◆ Your objective: Only the number is wanted: count the lines in the data with "aardewerk" in them.

[Stored items]
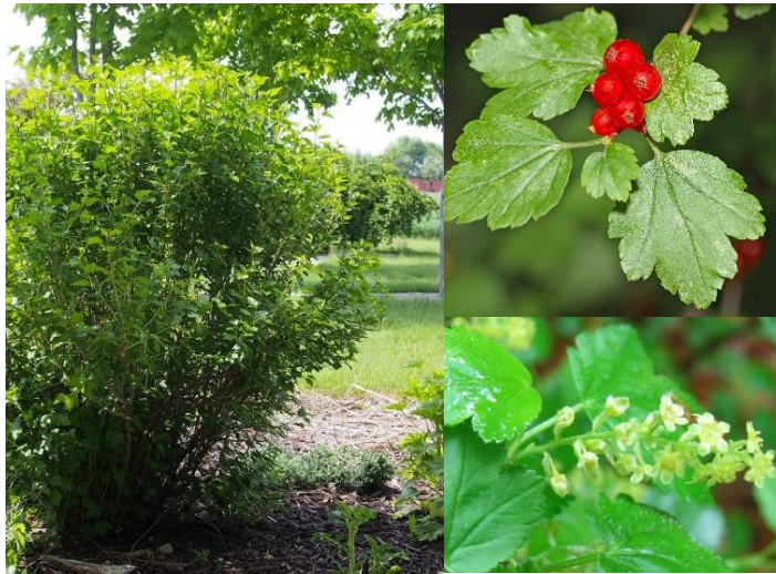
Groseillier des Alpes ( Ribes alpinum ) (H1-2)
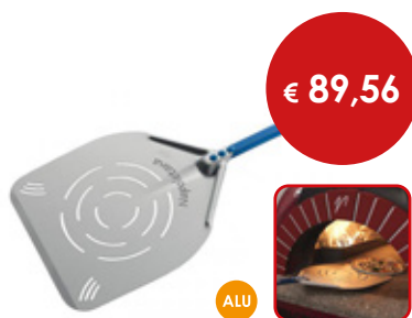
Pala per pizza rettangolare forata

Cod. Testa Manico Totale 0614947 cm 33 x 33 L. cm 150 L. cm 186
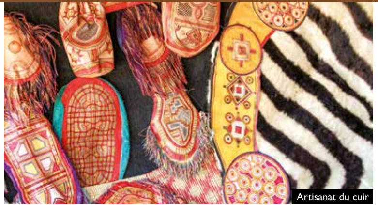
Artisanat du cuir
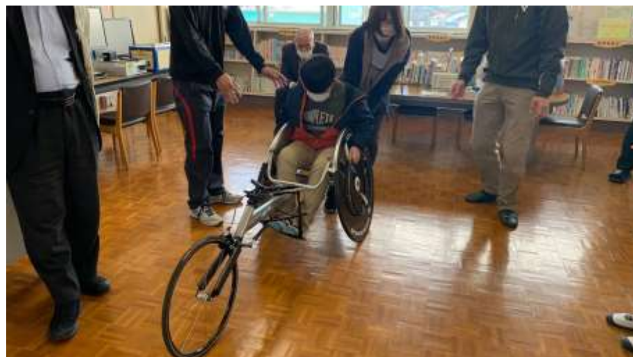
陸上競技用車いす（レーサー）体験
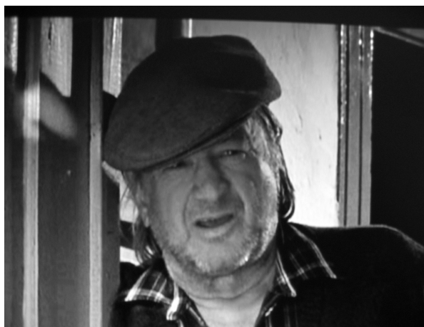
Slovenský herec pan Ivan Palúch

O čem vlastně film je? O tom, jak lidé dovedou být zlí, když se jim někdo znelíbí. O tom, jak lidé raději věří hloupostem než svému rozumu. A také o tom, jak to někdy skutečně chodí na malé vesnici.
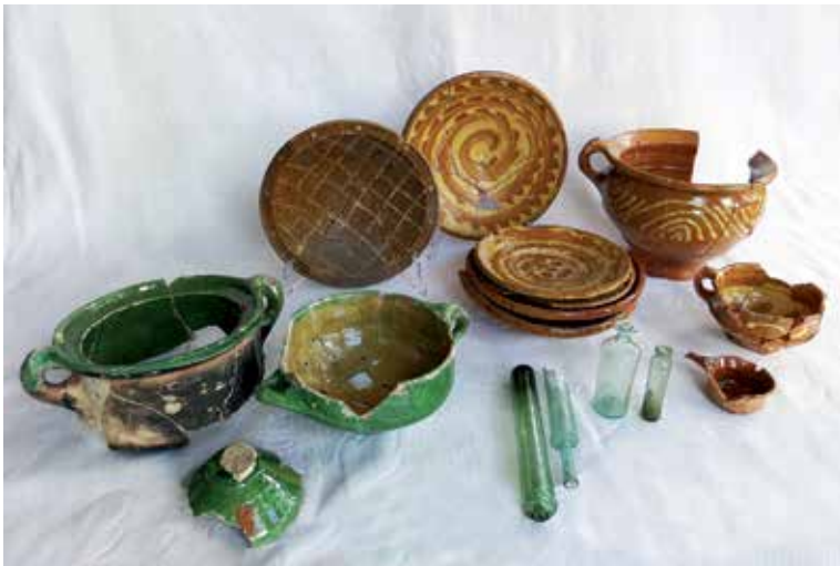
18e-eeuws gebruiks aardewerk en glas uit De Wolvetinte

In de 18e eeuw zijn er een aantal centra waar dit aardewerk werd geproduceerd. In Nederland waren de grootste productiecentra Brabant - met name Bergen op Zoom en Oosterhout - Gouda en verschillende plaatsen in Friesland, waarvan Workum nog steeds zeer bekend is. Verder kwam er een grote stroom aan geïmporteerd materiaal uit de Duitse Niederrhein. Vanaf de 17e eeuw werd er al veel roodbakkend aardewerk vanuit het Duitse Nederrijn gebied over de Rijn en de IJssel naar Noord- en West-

◆ Result of the exercise: 2